Evaluating the performance of multithreading and prefetching in multiprocessors
Abstract
This paper presents new analytical models of the performance benefits of multithreading and prefetching, and experimental measurements of parallel applications on the MIT Alewife multiprocessor. For the first time, both techniques are evaluated on a real machine as opposed to simulations. The models determine the region in the parameter space where the techniques are most effective, while the measurements determine the region where the applications lie. We find that these regions do not always overlap significantly. The multithreading model shows that only 2-4 contexts are necessary to maximize this technique's potential benefit in current multiprocessors. For these multiprocessors, multithreading improves execution time by less than 10% for most of the applications that we examined.

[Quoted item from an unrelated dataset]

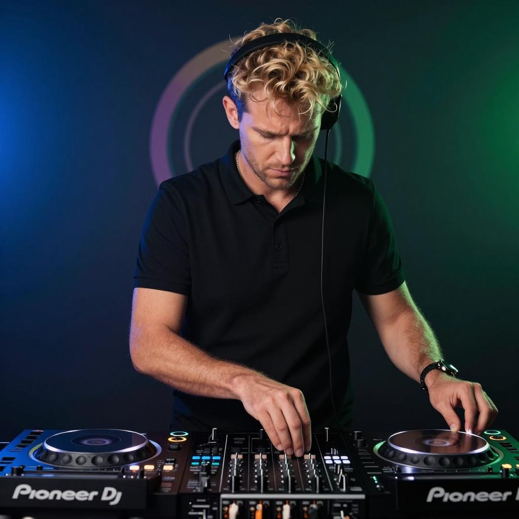 Male DJ with short, curly blonde hair, wearing a black polo shirt, standing behind two Pioneer DJ mixers. He is adjusting the right mixer with his right hand, left hand on the left mixer. Dim, colorful background with circular patterns. Blue and green lighting. Intense focus. Two DJ mixers with visible labels and controls.

The model also shows that multithreading can significantly improve the performance of the same applications in multiprocessors with longer latencies. Reducing context-switch overhead is not crucial. The software prefetching model shows that allowing 4 outstanding prefetches is sufficient to achieve most of this technique's potential benefit on current multiprocessors. Prefetching improves performance over a wide range of parameters, and improves execution time by as much as 20-50% even on current multiprocessors. A comparison between the two models shows that prefetching has a significant advantage over multithreading for machines with low memory latencies and/or applications with high cache miss rates, because a prefetch instruction consumes less time than a context-switch. © 1996 Academic Press, Inc.